The attack on the Sony PlayStation Network (PSN) which causes the network down to a month was allegedly the hacker done through Amazon’s Elastic Computer Cloud, or EC2 service.

A number of speakers who understand the problem told Bloomberg, whoever the perpetrators of attacks using EC2 service to hijack the PSN servers and result in one of the largest data theft in history.

A hacker used Amazon’s Elastic Computer Cloud service to attack Sony’s online entertainment systems last month, a person with knowledge of the matter said May 13. The intruder, who used a bogus name to set up an account that’s now disabled, didn’t hack into Amazon’s servers, the person said.

“Anyone can go get an Amazon account and use it anonymously,” said Pete Malcolm, chief executive officer of Abiquo Inc., a Redwood City, California-based company that helps customers manage data internally and through cloud computing. “If they have computers in their back bedroom they are much easier to trace than if they are on Amazon’s Web Services.”

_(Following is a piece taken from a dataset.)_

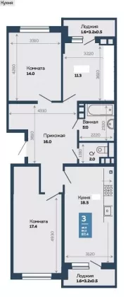 | Комнат в квартире | 3 |

Cloud services are also attractive for hackers because the use of multiple servers can facilitate tasks such as cracking passwords, said Ray Valdes, an analyst at Gartner Inc. Amazon could improve measures to weed out bogus accounts, he said.

The use of hijacked or rented servers to launch attacks is typical for sophisticated hackers, according to Hilbert. Chinese hackers used the servers of a major U.S. Internet service provider in 2008 to break into a government agency and several defense contractors, according to a secret Nov. 3, 2008, cable exposed by Wikileaks.

The hackers “used at least three separate systems at the unnamed ISP in multiple network intrusions and have exfiltrated data via these systems,” according to the cable.

In some cases, hackers hide their tracks beneath several layers of proxy servers that can span the globe. A recent attack against computers in South Korea was controlled from servers in more than 20 different countries, according to Georg Wicherski, a security analyst at Santa Clara, California-based McAfee Inc. (MFE) The identity of the offenders is unknown, he said.

Last month’s incursion was “very carefully planned, very professional, highly sophisticated criminal cyber attack,” Sony has said.

“This puts cloud computing into proper perspective,” Jennex said. “Everybody’s been thinking it’s chic and ignoring the security aspect. I think this reminds companies that things that make them great need to stay under their control.”